Welcome Dahlisgrams!

And Welcome to you too Mary!
 
Brie! Welcome back:)
You have been busy! I'm glad it worked out for you guys to be able to buy your Mother-in-laws place. Since she had chickens before, is there still alot for you do build/alter before you bring yours In?
No, not a lot. The outside fences are excellent! Cement footer all the way around, 2-3/8" line posts, 2-3/8" top rail, 6' tall chain link. She did all that last year when the fires burned all the fences. She used oilfield drill pipe, and I understand, had to pay several fines because of the sparks from the welder even though she used a welding (fireproof) blanket to cover the ground. She was one heck of a welder!

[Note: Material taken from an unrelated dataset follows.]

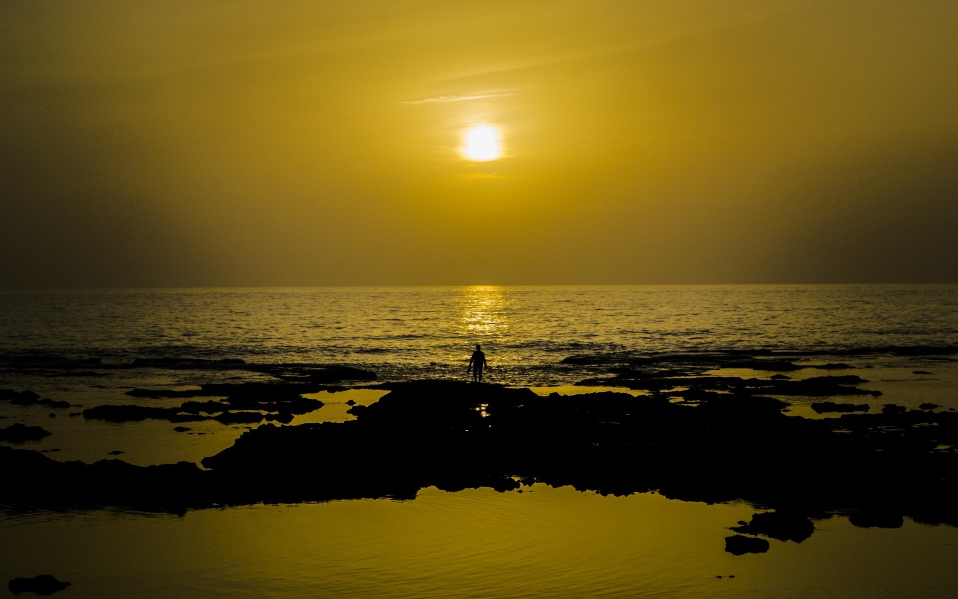 Incredibile bellezza del cielo arancione e gli alberi in piedi all'ombra

We are re-vamping the horse stalls to accomodate and separate Bryan's milk goats (all due to come fresh in November) and sequester the BIG Alpine buck so that WE decide when the next batch of kids will be born - Bryan doesn't want to have to try to keep winter babies warm, fed, etc. His mother always bred for warm spring babies. She hated having to work the cold!

And, since we decided to do this right, we want to keep each breed separate, to breed true and see how we can do at shows. There are not enough chicken pens/coops to do that...but we're working on it. The nest boxes in her big pens where she had her layers were hard to clean, according to her, so we are re-doing those before we put hens in there. She was such a stickler for cleanliness, and I never heard her speak of a sick chicken, so guess we will continue on with her methods. My kids both spent summers with her, and I am very impressed with how much of her "animal husbandry" and custodianship has stuck with them. Bryan Jr. (BJ) has told us we must bury fences, and why, and that chicken wire is no good and why...on and on. My mother in law taught them a lot, and we are grateful. Now they are teaching US!

Brie
 
(chickenless lurker here) I'm a long way from getting my own chickens still, but this thread has been enlightening. I have been following since January and taking notes. Thank you Old-timers!
Bee, I looked at your hoop coop page and I think it looks perfectly breezy for a coop in hot, hot Texas. Do you have any pictures of the finished coop with all the feeders and roosts set up? I just would like to see how you did it.
 
No...I don't, unless you want to see feeders and roosts for meat chickens, which aren't a real representation of what they would look like for a layer flock. The cattle panel is so wonderful because you can attach anything to any surface on the whole coop. So many points of attachment. I love it!
 
We've got a small farm near Lansing, Mich, horses and a few steers.  I'm a small animal veterinarian in Novi,  where food grows in styrofoam at the superstore, and occasionals at a farmers market.  Very few people have any connection to rural life, farming, or land management  any more. My one hoop house needs some repairs this fall, so I loved Bea"s pictures Thanks, Mary                                                                                                                                                                                                   


Hi, neighbor! I'm a tad northeast of Lansing. I basically grew up in 12 Oaks Mall and remember how rural Novi was before becoming plastered with stores. Our family's best friends always had a huge plot in a community garden somewhere off 12 Mile Rd. and one of my best memories is shelling peas with them on their back porch.
 
No...I don't, unless you want to see feeders and roosts for meat chickens, which aren't a real representation of what they would look like for a layer flock. The cattle panel is so wonderful because you can attach anything to any surface on the whole coop. So many points of attachment. I love it!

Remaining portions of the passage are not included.